# Feature Engineering

## To do's
- Apply filters
    - Only Shipped order
- Resample products with missing dates
- Create time series basic features:
    - lag
    - moving average
    - min, max window values
    - frequency
    - holidays


## Future
- Group the sales to create new features:
    - total sales
    - product line sales
    - product sales
    - country sales
    - territory sales
    - deal size sales
- Create stacking ensemble model using:
    - ARIMA
    - Prophet
    - Random Forest

In [1]:
import pandas as pd

In [178]:
INDEX_COLUMNS = ['PRODUCTCODE', 'YEAR_MONTH']
PREDICT_LAG = 1

In [148]:
df = pd.read_csv('../data/raw/sales_data_sample.csv', encoding="ISO-8859-1")

### Filters

In [8]:
df_filtered = df[df['STATUS'] == 'Shipped'].copy()

### Group Sales per product

In [169]:
df_filtered['YEAR_MONTH'] = (df_filtered['MONTH_ID'] 
                                + df_filtered['YEAR_ID'] * 100)
df_filtered['YEAR_MONTH'] = pd.to_datetime(df_filtered['YEAR_MONTH'],
                                              format='%Y%m')
df_filtered['YEAR_MONTH'].value_counts().sort_index()
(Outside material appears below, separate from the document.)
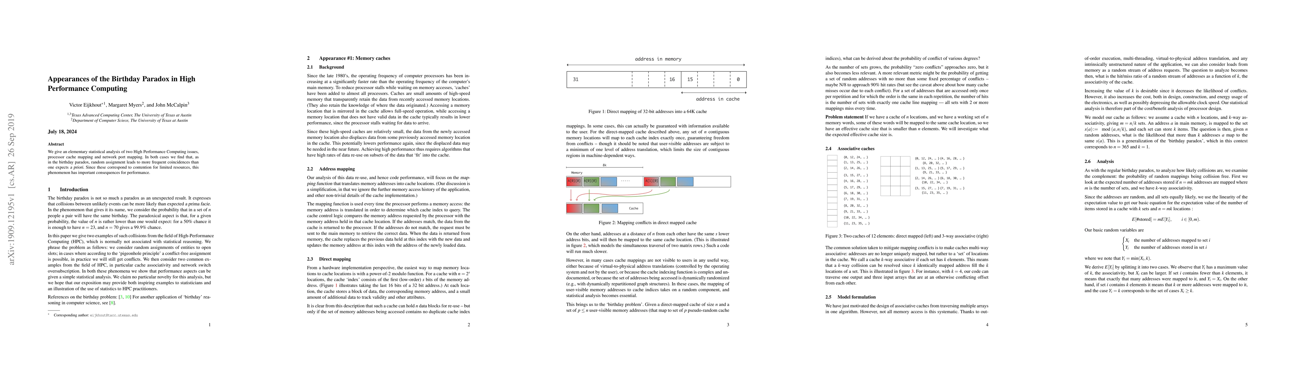 We give an elementary statistical analysis of two High Performance Computing issues, processor cache mapping and network port mapping. In both cases we find that, as in the birthday paradox, random assignment leads to more frequent coincidences than one expects a priori. Since these correspond to contention for limited resources, this phenomenon has important consequences for performance.

df_groupped = df_filtered.groupby(
    INDEX_COLUMNS, as_index=False).agg(qt_sales=('QUANTITYORDERED', 'sum'),
                                       vl_sales=('SALES', 'sum'))

### Resample

In [170]:
all_dates = pd.date_range(start=df_groupped['YEAR_MONTH'].min(),
                          end=df_groupped['YEAR_MONTH'].max(), freq='MS'
).to_series(name='YEAR_MONTH')
all_product = pd.Series(df_groupped['PRODUCTCODE'].unique(), name='PRODUCTCODE')

df_resample = pd.merge(all_product, all_dates, how='cross')

df_groupped = df_resample.merge(df_groupped, on=INDEX_COLUMNS,
                                how='left').fillna(0)

### Basic time series features

### Lag

In [172]:
number_of_lags = 12

for lag in range(number_of_lags):
    df_groupped[f'qt_sales_lag_{lag+1}'] = df_groupped.groupby('PRODUCTCODE')[
        'qt_sales'].shift(lag+1)

### Moving Average

$MovingAverage = \frac{1}{k}\sum_{i=n-k+1}^n{p_i}$

Where $p$ represents the observations, $n$ is the number of values in the moving average, and $k$ denotes the initial position of the moving average.

In [179]:
df_groupped['qt_sales_mavg_3'] = df_groupped.groupby('PRODUCTCODE')[
    f'qt_sales_lag_{PREDICT_LAG}'].transform(lambda x: x.rolling(3, 1).mean())
df_groupped['qt_sales_mavg_6'] = df_groupped.groupby('PRODUCTCODE')[
    f'qt_sales_lag_{PREDICT_LAG}'].transform(lambda x: x.rolling(6, 1).mean())

In [183]:
df_groupped.fillna(0, inplace=True)

In [184]:
df_groupped.to_parquet('../data/temp/df_model.parquet')